* WHAT IS NEEDED *
Return only the lines of the data below from the line with "團建活動分為《破冰游戲》《團" up to and including the line with "Aller dans les", exactly as written, with the pictures omitted.

* DATASET ENTRIES *
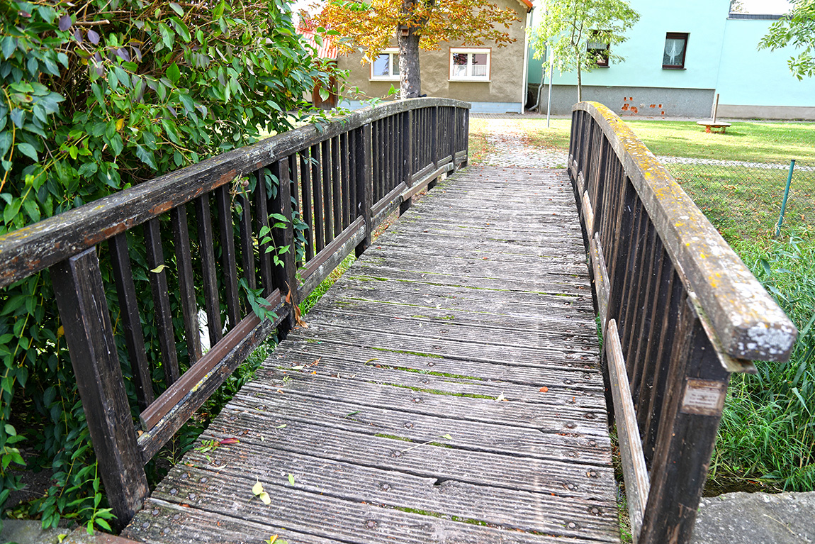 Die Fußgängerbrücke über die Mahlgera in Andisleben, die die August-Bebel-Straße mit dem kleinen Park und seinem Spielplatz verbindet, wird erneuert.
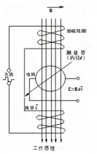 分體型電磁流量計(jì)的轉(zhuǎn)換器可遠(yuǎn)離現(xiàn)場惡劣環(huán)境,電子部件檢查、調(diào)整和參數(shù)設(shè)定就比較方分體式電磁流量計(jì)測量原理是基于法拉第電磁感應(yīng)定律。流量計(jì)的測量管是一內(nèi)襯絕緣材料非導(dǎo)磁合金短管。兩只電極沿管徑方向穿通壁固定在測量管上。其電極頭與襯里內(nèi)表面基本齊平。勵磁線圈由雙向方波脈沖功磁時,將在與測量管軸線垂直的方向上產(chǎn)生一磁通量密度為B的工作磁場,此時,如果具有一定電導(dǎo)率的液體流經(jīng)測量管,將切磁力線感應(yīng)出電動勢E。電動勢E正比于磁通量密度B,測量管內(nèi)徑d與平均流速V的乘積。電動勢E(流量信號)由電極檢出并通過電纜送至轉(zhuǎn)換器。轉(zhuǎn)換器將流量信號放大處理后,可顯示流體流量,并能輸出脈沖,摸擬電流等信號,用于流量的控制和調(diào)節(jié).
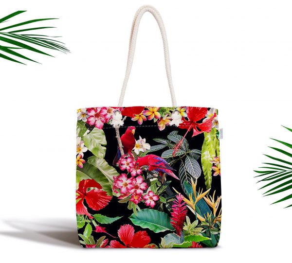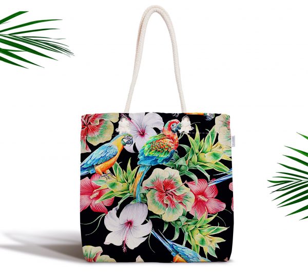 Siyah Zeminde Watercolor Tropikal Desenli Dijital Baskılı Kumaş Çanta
* * *
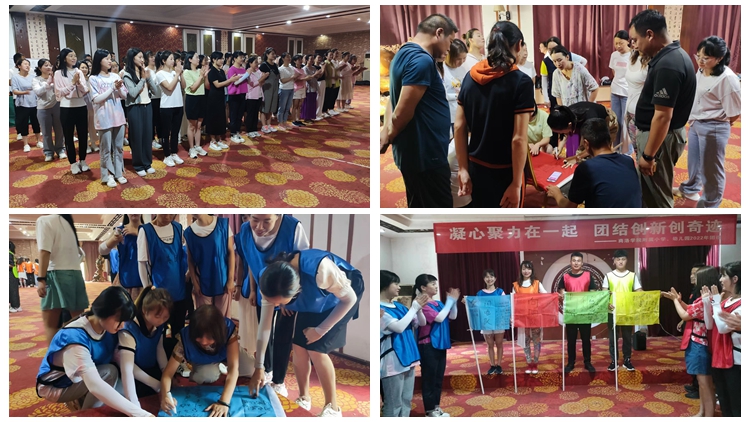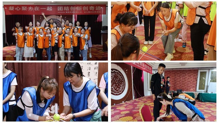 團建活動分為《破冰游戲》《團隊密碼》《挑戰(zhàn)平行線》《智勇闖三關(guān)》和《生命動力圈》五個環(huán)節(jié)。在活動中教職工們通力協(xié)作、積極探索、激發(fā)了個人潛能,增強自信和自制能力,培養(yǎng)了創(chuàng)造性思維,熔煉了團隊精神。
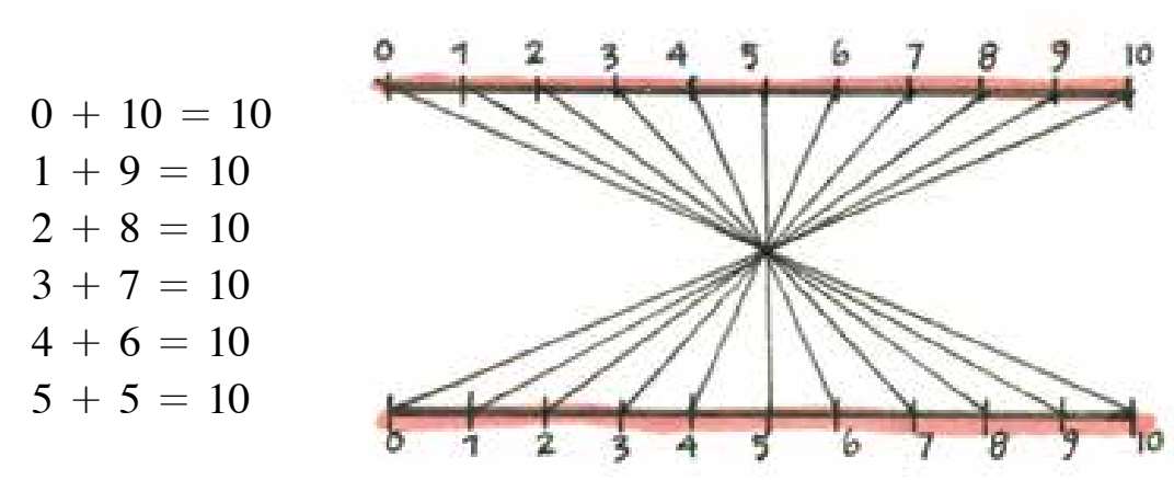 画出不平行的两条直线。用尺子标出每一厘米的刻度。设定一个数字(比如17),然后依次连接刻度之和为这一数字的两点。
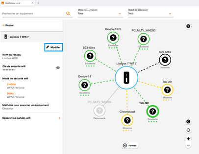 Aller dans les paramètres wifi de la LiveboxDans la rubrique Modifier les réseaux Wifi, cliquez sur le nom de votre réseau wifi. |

* ANSWER FOR THIS EXERCISE *
 團建活動分為《破冰游戲》《團隊密碼》《挑戰(zhàn)平行線》《智勇闖三關(guān)》和《生命動力圈》五個環(huán)節(jié)。在活動中教職工們通力協(xié)作、積極探索、激發(fā)了個人潛能,增強自信和自制能力,培養(yǎng)了創(chuàng)造性思維,熔煉了團隊精神。
 画出不平行的两条直线。用尺子标出每一厘米的刻度。设定一个数字(比如17),然后依次连接刻度之和为这一数字的两点。
 Aller dans les paramètres wifi de la LiveboxDans la rubrique Modifier les réseaux Wifi, cliquez sur le nom de votre réseau wifi. |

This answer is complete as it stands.